Venetian Foundations

The Most Serene Republic of St. Mark had long enjoyed a distinctive reputation as a haven of freedom and stability, a state with its own special position in the world and in history. What modern historians have come to know as the "myth of Venice" played a role not only in preparing the ground for the establishment and subsequent flourishing of opera there, but also in the actual substance and message of what was mounted on stage.


Unique among the Italian states, Venice could not boast a Roman foundation. Rather, it owed its origins, as a haven for those fleeing the invading barbarians, to the fall of the Roman empire. Claiming to have been founded on the day of the Annunciation, 25 March 421 (according to the dominant legend), Venice promulgated itself as the first republic of the new Christian era, and therefore as the only legitimate successor to fallen pagan Rome. The greatness of the Venetian state was to be seen in its longevity and its political continuity; by the seventeenth century it had already lasted longer than ancient Rome. On a more practical level, the famed stability of Venice was said to depend on two special factors: its site and its constitution. The governmental structure of the Republic was celebrated for being a regimen temperature , a perfectly balanced state. Venice, according to its own myth, had realized the classical ideal of mixed government. The Doge represented the monarchical component, the Senate the aristocratic, and the Maggior Consiglio the democratic. As a constitutional oligarchy, Venice concentrated political power in a relatively restricted patriciate; within the nobility, however, that power was distributed in a way that precluded any individual or clan from assuming an undue share. This harmony of power was the prerogative of perhaps 2 percent of the population. That the disenfranchised majority seemed content, that patrician Venice suffered no serious internal dissension, appeared only to confirm its privileged state of grace. And that sanctified state was further manifest in the very image of this splendid city, founded miraculously upon the waters; unwalled, yet unconquered for more than a millennium. The physical city itself stood as proof of its uniqueness.[9]

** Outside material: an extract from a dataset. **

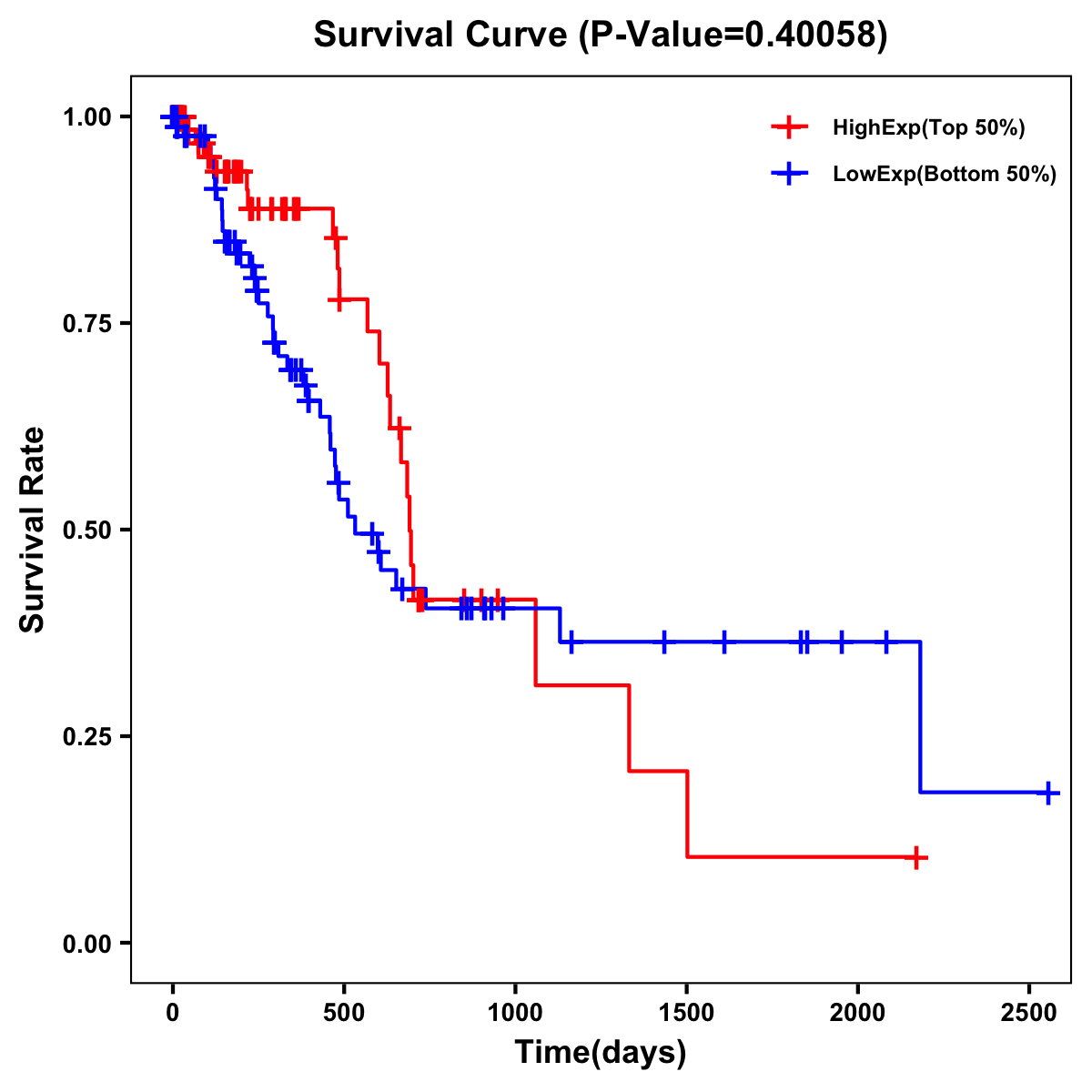 | Survival Curve of Pancreatic Cancer of Expression | Survival Curve of Pancreatic Cancer of Methylation | ||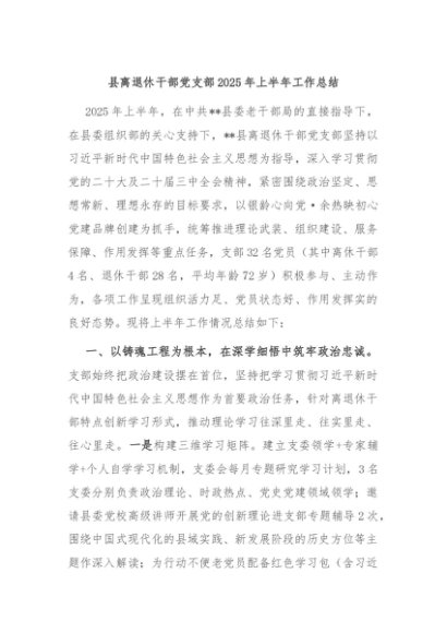 / 【七哥公文】2025年:县离退休干部党支部2025年上半年工作总结+更多免费公文+VX:QiGeGongWen2024

The Venetian ruling class, although restricted and hereditary, was actually more open than that of other states. It comprised a large number of families of equal rank—equal in theory, that is, if not in practice. What especially distinguished the Venetian nobility was its active and privileged involvement in commerce. The ruling patrician was also a merchant of Venice, and his economic enterprise extended beyond investments in trade and banking to include all the arts—and so, eventually, opera. The Tron, Vendramin, Grimani, Giustiniani, and Contarini were among the leading families of the Venetian patriciate, and they were the most important backers of opera in Venice. Beyond the obvious desire to enhance family prestige, their interest in the art was largely commercial; they invested in opera houses primarily for financial gain, and the


profit motive could not help but affect the product. Expenditures were carefully limited, imposing strictures on librettists, composers, and scene designers. The spectacle of the courts could hardly be indulged. In Venice, opera was a business.[10]

Venice had its own traditions of elaborate public pageantry, its own expanding calendar of annual politico-religious festivals: the Marriage to the Sea celebrated on Ascension Day, victory at Lepanto on the Feast of Sta. Giustina, and the Feast of St. Mark, to name only a few. It celebrated special occasions as well, its ducal coronations and royal visits. And all of these celebrations involved elaborate entertainments featuring music, spectacle, processions, and theatrical presentations.[11] But opera did not emerge in Venice from such a background of occasional or ceremonial spectacle; it had different progenitors. Its roots were, and remained, in the carnival season, with its established tradition of theatrical performances by troupes of itinerant players, performances for which tickets were sold.[12] These activities became especially intense after the crisis of the Interdict (1605-7), when, with the expulsion of the Jesuits from Venice, the comici , who had been excluded by them, returned to the city with impunity.[13]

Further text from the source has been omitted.